** Opening Records for the exercise block **

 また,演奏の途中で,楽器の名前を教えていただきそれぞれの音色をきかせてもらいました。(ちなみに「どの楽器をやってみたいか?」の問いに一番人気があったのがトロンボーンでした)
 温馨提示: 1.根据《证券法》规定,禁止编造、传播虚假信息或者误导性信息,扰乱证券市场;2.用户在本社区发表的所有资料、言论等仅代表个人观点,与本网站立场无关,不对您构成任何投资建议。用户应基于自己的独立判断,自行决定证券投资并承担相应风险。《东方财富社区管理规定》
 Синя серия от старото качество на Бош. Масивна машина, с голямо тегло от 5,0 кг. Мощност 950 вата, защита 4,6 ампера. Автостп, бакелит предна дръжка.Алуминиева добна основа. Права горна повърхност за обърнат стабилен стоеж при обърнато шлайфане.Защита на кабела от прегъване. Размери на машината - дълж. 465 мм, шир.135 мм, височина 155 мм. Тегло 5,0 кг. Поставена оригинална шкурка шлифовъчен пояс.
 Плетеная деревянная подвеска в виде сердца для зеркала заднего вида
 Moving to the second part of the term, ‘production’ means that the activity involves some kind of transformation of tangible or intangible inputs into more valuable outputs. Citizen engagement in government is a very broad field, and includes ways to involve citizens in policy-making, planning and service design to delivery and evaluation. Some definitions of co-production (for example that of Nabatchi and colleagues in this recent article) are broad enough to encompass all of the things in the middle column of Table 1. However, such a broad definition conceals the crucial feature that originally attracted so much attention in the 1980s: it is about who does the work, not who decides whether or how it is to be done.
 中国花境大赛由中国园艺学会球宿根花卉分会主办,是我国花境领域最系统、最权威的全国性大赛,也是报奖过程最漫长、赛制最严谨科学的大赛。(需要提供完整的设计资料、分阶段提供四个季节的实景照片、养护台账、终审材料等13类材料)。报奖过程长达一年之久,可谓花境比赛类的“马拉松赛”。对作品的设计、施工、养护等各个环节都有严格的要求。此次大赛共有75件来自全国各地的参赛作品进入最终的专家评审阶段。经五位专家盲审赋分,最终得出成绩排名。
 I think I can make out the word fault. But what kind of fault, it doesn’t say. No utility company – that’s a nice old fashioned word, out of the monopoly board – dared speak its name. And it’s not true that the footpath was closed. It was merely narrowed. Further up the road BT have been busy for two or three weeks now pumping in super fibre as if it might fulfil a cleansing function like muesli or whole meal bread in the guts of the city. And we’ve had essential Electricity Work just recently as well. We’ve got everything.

** Closing Records for the exercise block **
** Opening Records for the exercise block **

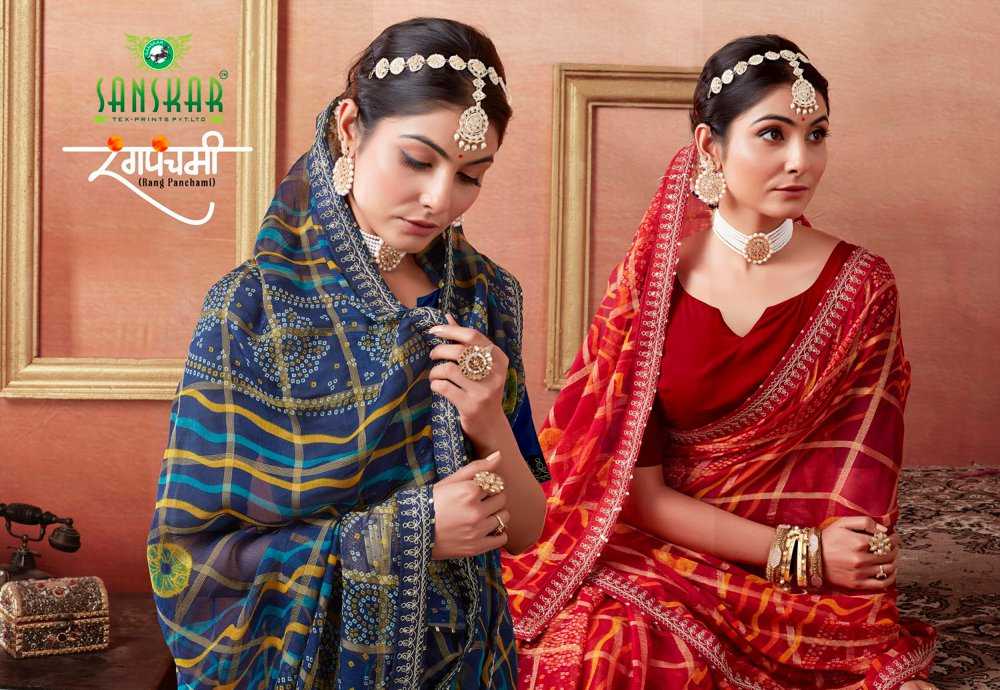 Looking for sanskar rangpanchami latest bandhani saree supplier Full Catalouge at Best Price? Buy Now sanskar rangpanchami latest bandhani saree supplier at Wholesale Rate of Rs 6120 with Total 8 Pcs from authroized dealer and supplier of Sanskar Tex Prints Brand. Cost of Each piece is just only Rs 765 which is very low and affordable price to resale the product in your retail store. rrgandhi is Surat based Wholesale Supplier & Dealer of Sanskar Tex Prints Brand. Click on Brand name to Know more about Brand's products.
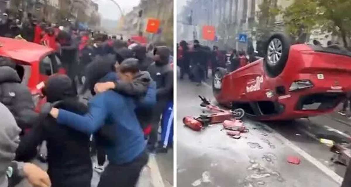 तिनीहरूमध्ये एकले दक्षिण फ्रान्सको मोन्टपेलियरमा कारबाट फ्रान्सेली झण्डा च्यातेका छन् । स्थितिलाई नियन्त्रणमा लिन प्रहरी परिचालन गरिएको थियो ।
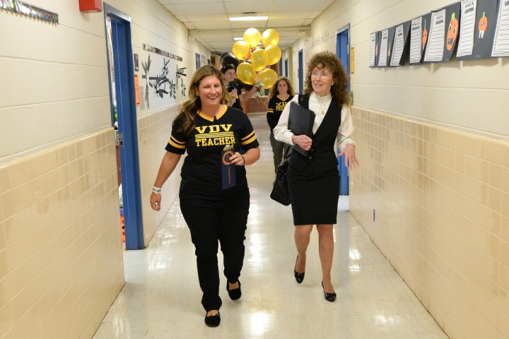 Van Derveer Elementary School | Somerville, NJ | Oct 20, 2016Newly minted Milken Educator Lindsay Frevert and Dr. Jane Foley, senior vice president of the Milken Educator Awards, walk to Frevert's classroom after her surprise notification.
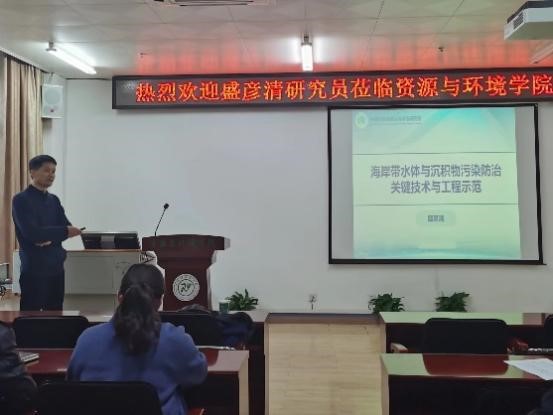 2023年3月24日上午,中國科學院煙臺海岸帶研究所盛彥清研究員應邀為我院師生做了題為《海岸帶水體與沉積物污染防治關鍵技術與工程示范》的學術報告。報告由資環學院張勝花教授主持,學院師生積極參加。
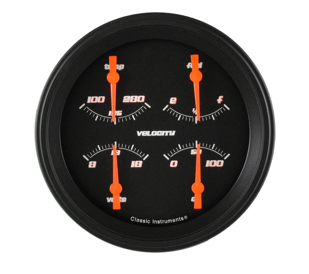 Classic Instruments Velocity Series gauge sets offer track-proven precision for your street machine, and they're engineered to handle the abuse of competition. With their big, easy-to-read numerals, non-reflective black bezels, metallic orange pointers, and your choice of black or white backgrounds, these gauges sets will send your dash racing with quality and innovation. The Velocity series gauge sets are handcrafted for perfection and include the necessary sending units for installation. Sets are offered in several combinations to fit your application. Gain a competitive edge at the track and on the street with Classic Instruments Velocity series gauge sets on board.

** Closing Records for the exercise block **
** Opening Records for the exercise block **

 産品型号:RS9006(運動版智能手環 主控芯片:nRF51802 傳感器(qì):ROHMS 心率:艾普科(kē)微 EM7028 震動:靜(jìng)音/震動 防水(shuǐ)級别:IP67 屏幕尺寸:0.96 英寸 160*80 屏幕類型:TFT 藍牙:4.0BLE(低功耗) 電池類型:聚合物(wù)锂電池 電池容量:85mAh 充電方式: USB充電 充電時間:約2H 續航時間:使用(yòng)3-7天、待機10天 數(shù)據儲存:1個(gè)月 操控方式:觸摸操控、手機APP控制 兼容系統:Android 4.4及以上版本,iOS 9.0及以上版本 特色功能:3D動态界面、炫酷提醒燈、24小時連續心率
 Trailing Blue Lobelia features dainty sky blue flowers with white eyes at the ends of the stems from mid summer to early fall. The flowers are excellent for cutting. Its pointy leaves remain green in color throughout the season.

** Closing Records for the exercise block **

### [Activity]
Using the listing above, copy exactly the line that contains "Moving to the", the line that contains "I think I can", and each line that falls between them.

### [Answer to the exercise]
 Moving to the second part of the term, ‘production’ means that the activity involves some kind of transformation of tangible or intangible inputs into more valuable outputs. Citizen engagement in government is a very broad field, and includes ways to involve citizens in policy-making, planning and service design to delivery and evaluation. Some definitions of co-production (for example that of Nabatchi and colleagues in this recent article) are broad enough to encompass all of the things in the middle column of Table 1. However, such a broad definition conceals the crucial feature that originally attracted so much attention in the 1980s: it is about who does the work, not who decides whether or how it is to be done.
 中国花境大赛由中国园艺学会球宿根花卉分会主办,是我国花境领域最系统、最权威的全国性大赛,也是报奖过程最漫长、赛制最严谨科学的大赛。(需要提供完整的设计资料、分阶段提供四个季节的实景照片、养护台账、终审材料等13类材料)。报奖过程长达一年之久,可谓花境比赛类的“马拉松赛”。对作品的设计、施工、养护等各个环节都有严格的要求。此次大赛共有75件来自全国各地的参赛作品进入最终的专家评审阶段。经五位专家盲审赋分,最终得出成绩排名。
 I think I can make out the word fault. But what kind of fault, it doesn’t say. No utility company – that’s a nice old fashioned word, out of the monopoly board – dared speak its name. And it’s not true that the footpath was closed. It was merely narrowed. Further up the road BT have been busy for two or three weeks now pumping in super fibre as if it might fulfil a cleansing function like muesli or whole meal bread in the guts of the city. And we’ve had essential Electricity Work just recently as well. We’ve got everything.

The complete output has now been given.